(Items from a dataset)
-.-.-
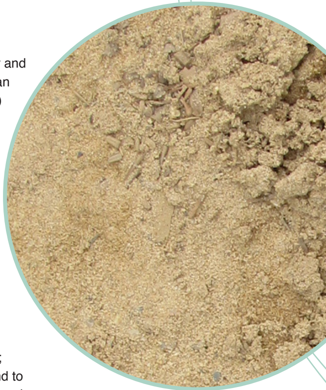
Photograph of sand as an example of substrate

It is important for banks to be as close to vertical as possible and the smoother the better to limit access by terrestrial predators (LBV 2013; Heidelberg Sand und Kies, no date); unstable and slumping faces tend to not be used (Cadman and Browning 2012). Avoid overhanging faces as they are more likely to collapse (Cadman pers. comm. 2016).
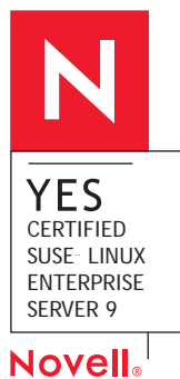
2 color mark
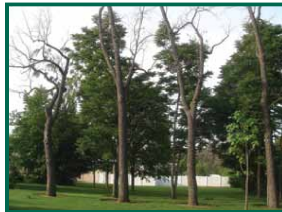
Walnut trees killed by TCD in the Denver area.
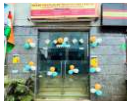
DELHI September 2022
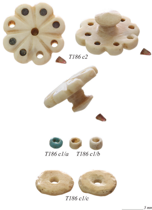
Figure 9. Beads and stone ear stud from Tomb 186.

An ankh-above-crescent pendant is present in the Sedeinga adornment assemblage (Rilly and Francigny 2005: Plate XXIV) (Figure 13: S001). Such a pendant was also found at Sai (Then-Obluska 2015a) and at Nag Shayeg (Pellicer Catalan 1963:96, Figure 23, Type 58). Similar pendants made of silver were found in the robbers' passage at Noubadian Ballana (Emery and Kirwan 1938, I:83, 216, 1938, II: Plate 48 D, B-4-27). The same motif was used on Meroitic pottery and the ankh-above-crescent was also noted as a stamped impression on clay seals on amphorae from Noubadian Qustul (Emery and Kirwan 1938, II: Plate 115-28).
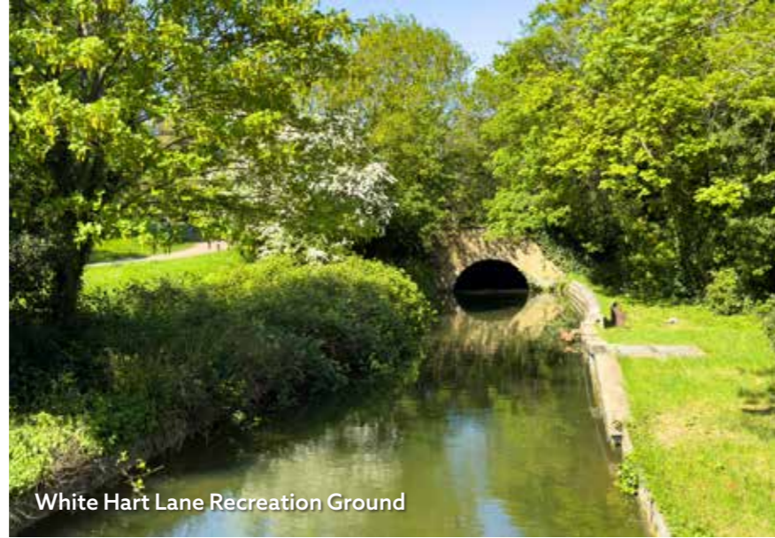
White Hart Lane Recreation Ground

In the surrounding compass point quadrants, the highest average prices (£848,373) were found to the west, while the most affordable (£511,740) were found to the east. The average price achieved within 1 km of the subject site was £523,232. When just flats are considered, the highest average prices (£537,043) were found to the south, while the most affordable (£390,423) were found to the north. The average flat sold within 1 km of the subject site achieved £523,232.
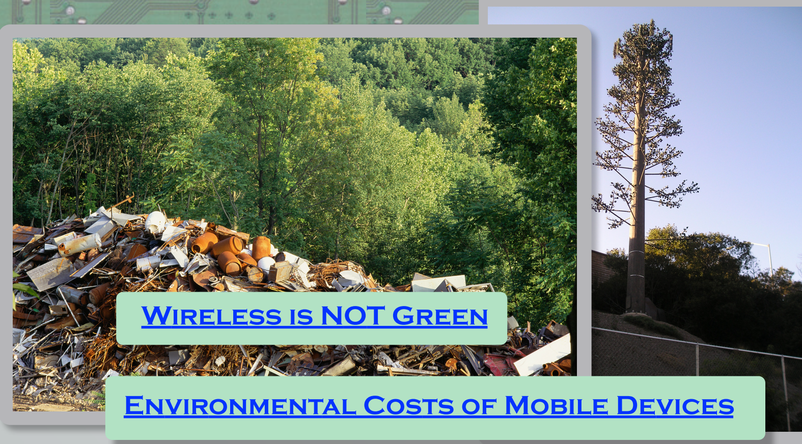
WIRELESS IS NOT GREEN
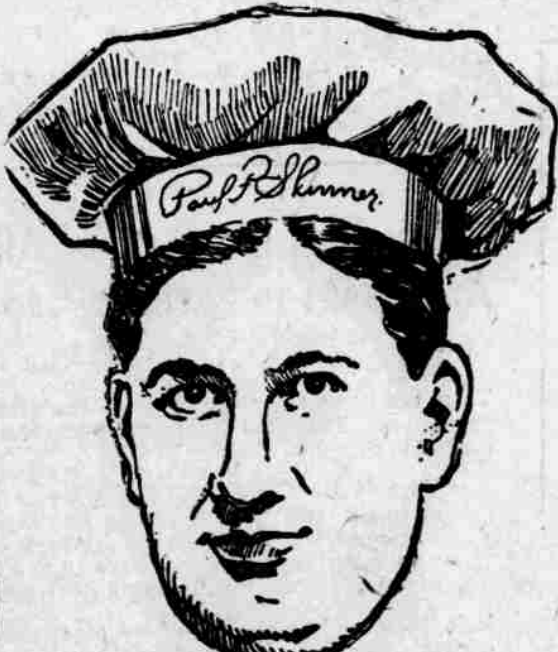
Trade Mark Registered— U. S. Pat. Off. and Fgn.

As stated above, this department is owned by the Skinner Packing Company and if you desire any information on the securities of the Skinner Packing Company, we would be glad to have you mail us the attached inquiry blank and give you any information you want.
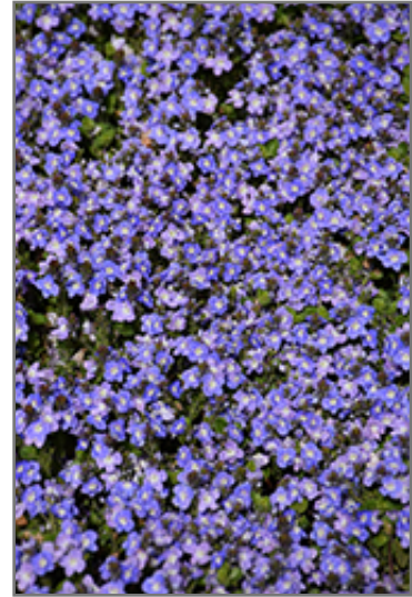
Crystal River Speedwell flowers
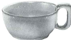
4SC—5" CUP-BOWL 3.75
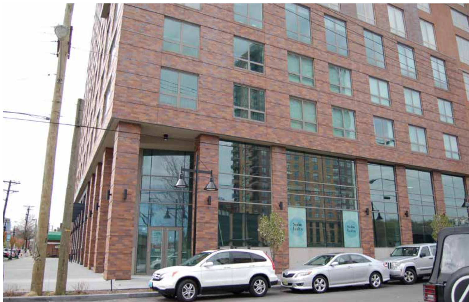
SOHO LOFTS JERSEY CITY, NJ
-.-.-
INSTRUCTIONS TO FOLLOW: In the records, the line containing "Trade Mark Registered—" starts the span and the final line ends it. Output exactly that span, both ends included, with no pictures and nothing else.

RESPONSE FOR THIS EXERCISE:
Trade Mark Registered— U. S. Pat. Off. and Fgn.

As stated above, this department is owned by the Skinner Packing Company and if you desire any information on the securities of the Skinner Packing Company, we would be glad to have you mail us the attached inquiry blank and give you any information you want.
Crystal River Speedwell flowers
4SC—5" CUP-BOWL 3.75
SOHO LOFTS JERSEY CITY, NJ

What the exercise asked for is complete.